Il est légitime de rapprocher certaines constructions au plan sémantique – pour notre propos des hypothétiques non marquées et des si-P – mais cela ne saurait fournir un argument à un autre niveau (le plan syntaxique, en l’occurrence).

En conclusion à ce Chapitre 2, on peut dire qu’il y a peu d’études syntaxiques disponibles dans la littérature scientifique sur les hypothétiques :

Sur les constructions en si, on peut citer Melis [1983], Haegeman [2003] et Köpcke & Panther [1989]. Selon nous, la faible quantité de travaux sur la syntaxe des tours en si P s’explique par le fait que l’association entre les hypothétiques en si et la subordination apparaît établie et hors discussion.

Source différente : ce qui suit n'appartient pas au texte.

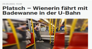 رصد أحد ركاب مترو الأنفاق رقم 4 ، ويسمى أليكس وجود بانيو أستحمام كبيرة الحجم داخل عربة مترو الأنفاق في فيينا وسط زهول وأستغراب الراكبين ، فى ظل غياب تام لرجال الأمن ومشرفى محطات المترو . نشرت اليوم صحيفة هويتة النمساوية اليومية ، صورة مثيرة للسخرية، تظهر بانيو إستحمام كبير الحجم داخل عربة مترو الأنفاق رقم 4 المتجهة إلى هيلجن …

Sur les hypothétiques non marquées, Allaire [1982 ; 1996], Culicover [1972] et Culicover & Jackendoff [1997 ; 2005] font exception. Mais ces constructions n’ont en tout cas pas été confrontées aux outils de la macro-syntaxe. Récemment, les investigations de Béguelin & Corminboeuf [2005] sur les hypothétiques inversées ont amorcé une partie du travail. On l’a déjà mentionné, l’absence de grammaire pour ces configurations est liée à la marginalisation dont fait l’objet la parataxe. Si les tours corrélatifs étudiés par Allaire [1982 : 544] sont

négligés par la tradition c’est que, selon l’auteur, ils ne manifestent « ni de l’égalitarisme additif de la coordination, fondamentalement réversible et sérielle, ni – point très important pour le concept de subordination – l’inégalitarisme d’une contrainte de dépendance dont le rôle serait d’asservir l’un des termes à l’autre ». Deulofeu [1988a : 195] explique cette mise à l’écart par le fait que certains de ces énoncés présentent « à première vue une contradiction entre leur morphologie et leur syntaxe » et Culicover & Jackendoff y voient une contradiction entre leur syntaxe et leur sémantique. Quoi qu’il en soit, leur facture syntaxique est à la source de leur mise en retrait.

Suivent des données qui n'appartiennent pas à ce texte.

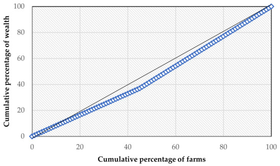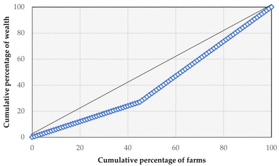 For our calculation and Lorenz curve estimation, we consider the average values of yields and benefits obtained from these quantities. In this scenario, the Gini index decreases to 0.145, showing that a better water reallocation can improve wealth distribution equality. In addition, the Lorenz curve shows that currently, 45% of the sample possess 30% of the accumulated benefits; however, after penalisation, if the same water reallocation is accompanied by technical efficiency maximisation for both groups, then the Gini coefficient becomes very low (0.094); this corroborates our conclusions: a penalisation can reduce distribution water inequity accompanied by optimisation of water and other input use and improve welfare for the whole sample and the equality of wealth distribution with the result that 50% of cumulated benefits are received by 55% of farmers (Figure 4, Figure 5 and Figure 6).

Notre recherche prétend démontrer que ces constructions non marquées ne sont pas des formes marginales. Non seulement elles figurent de plein droit dans le répertoire à disposition des sujets parlants pour viser certains effets conversationnels, mais elles peuvent recevoir une analyse syntaxique qui ne les rétrograde pas au rang d’exceptions curieuses. Lorsque ces constructions ont le statut d’objets d’analyse légitimes, elles sont généralement ramenées, de manière discutable, aux ‘conditionnelles’ en si (cf. Chapitre 5, § 1.). La rareté des études sur les hypothétiques non marquées en français justifie en soi que l’on mène des investigations dans cette direction et qu’on leur consacre une étude détaillée.